Mr. Burnham’s sparse eyebrows shot up. “So far as I know, she has the normal share of high spirits, and a young and pretty girl’s desire to flirt and trifle more than is modest, to play the game dangerously from time to time. That is no more than healthy. Let us say she is not tedious and leave it at that?”

Monk laughed in spite of himself. The evening had been most enjoyable, and as far as he could see of no use whatever to Rathbone. He thanked Mr. Burnham sincerely and remained another half hour listening to irrelevant stories, then went
home without removing the cat hairs, in case it should offend Mr. Burnham, and considered his tactics for the morrow.
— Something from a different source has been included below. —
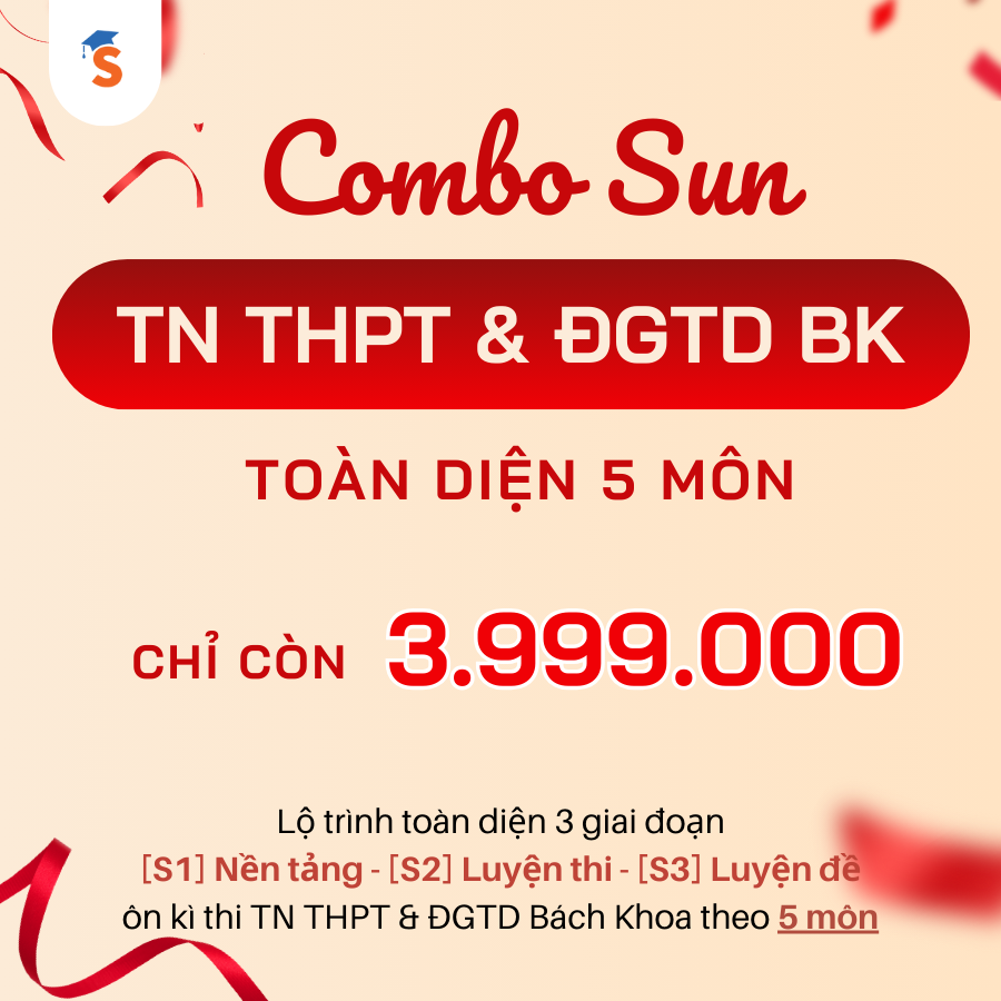 - Combo SUN TN THPT & ĐGTD BK (TSA) (2K8) - TOÀN DIỆN 5 MÔN (TOÁN, ĐỌC HIỂU, LÍ, HOÁ, SINH)

He spent Sunday morning equally fruitlessly. He called upon two or three acquaintances, who merely confirmed what he had already heard. One of them owned a gambling house in the less-reputable part of the West End and occasionally loaned money to gentlemen temporarily embarrassed in a financial way. He usually knew who owed money, and to whom. He was expert in assessing precisely what any given man was worth. He was better at it than many a legitimate banker. He had never heard of Killian Melville, and he knew of Barton Lambert only by repute. Neither of them owed a halfpenny to anyone, so far as he was aware. Certainly neither of them gambled heavily.

Another acquaintance, who owned a couple of brothels in the Haymarket area and was familiar with the tastes and weaknesses of many of the leading gentlemen in society, also knew neither man.
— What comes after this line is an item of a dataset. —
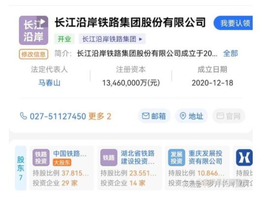 工商信息顯示,長江沿岸鐵路集團重慶有限公司有兩大股東,分別為:長江沿岸鐵路集團(持股85.04%)、重慶發展投資有限公司(持股14.96%)。

By early afternoon Monk was irritable, chilly in the intermittent showers of rain, and profoundly discouraged. It appeared Killian Melville was simply a young man who had made a rash offer of marriage, perhaps in a moment of physical passion, and now regretted it and was foolish enough to believe he could walk away unscathed. Perhaps he had prevailed upon her virtue and now despised her, wondering if he were the first or would be the last. It was a shabby act, and Monk had little patience with it. If one wished to satisfy an appetite, there were plenty of women available without using a respectable girl who believed you loved her. She would be ruined in reputation, whatever her emotional distress or lack of it. Melville must know that as well as anyone.

And yet as Monk fastened his coat more tightly at the neck and put his head down as the rain grew harder, he could not think that the man who had designed the building he had walked through yesterday, so full of soaring lines and radiant light, would be such a hypocrite or a coward as to run away
from responsibility for his own acts. Could a man be of such a double nature?
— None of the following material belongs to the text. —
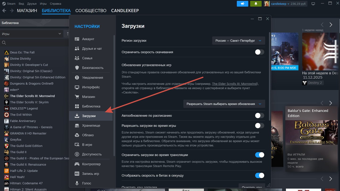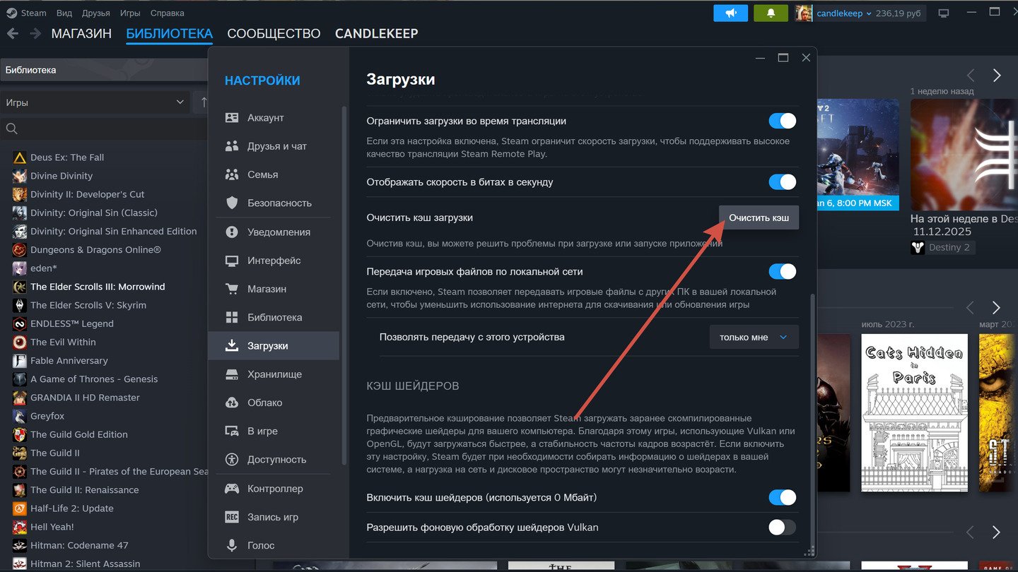 Очистите кэш загрузки Steam

Monk had no idea. He had never known a creative genius. Some people made excuses for artists, poets and composers of great music. They believed such men did not have to live by the standards of ordinary people. That thought provoked in him a deep disgust. It was fundamentally dishonest.

Was it possible Melville was merely naive, as he had told Rathbone, and had been maneuvered into a betrothal he had never intended? Was the marriage really unbearable to him?

Monk stepped off the pavement over the swirling gutter and ran across the cobbled street as a hansom driver came around the corner at a canter and swore at him for getting in the way. The wheels threw an arc of water over his legs, soaking his trousers, and he swore back at the man fluently.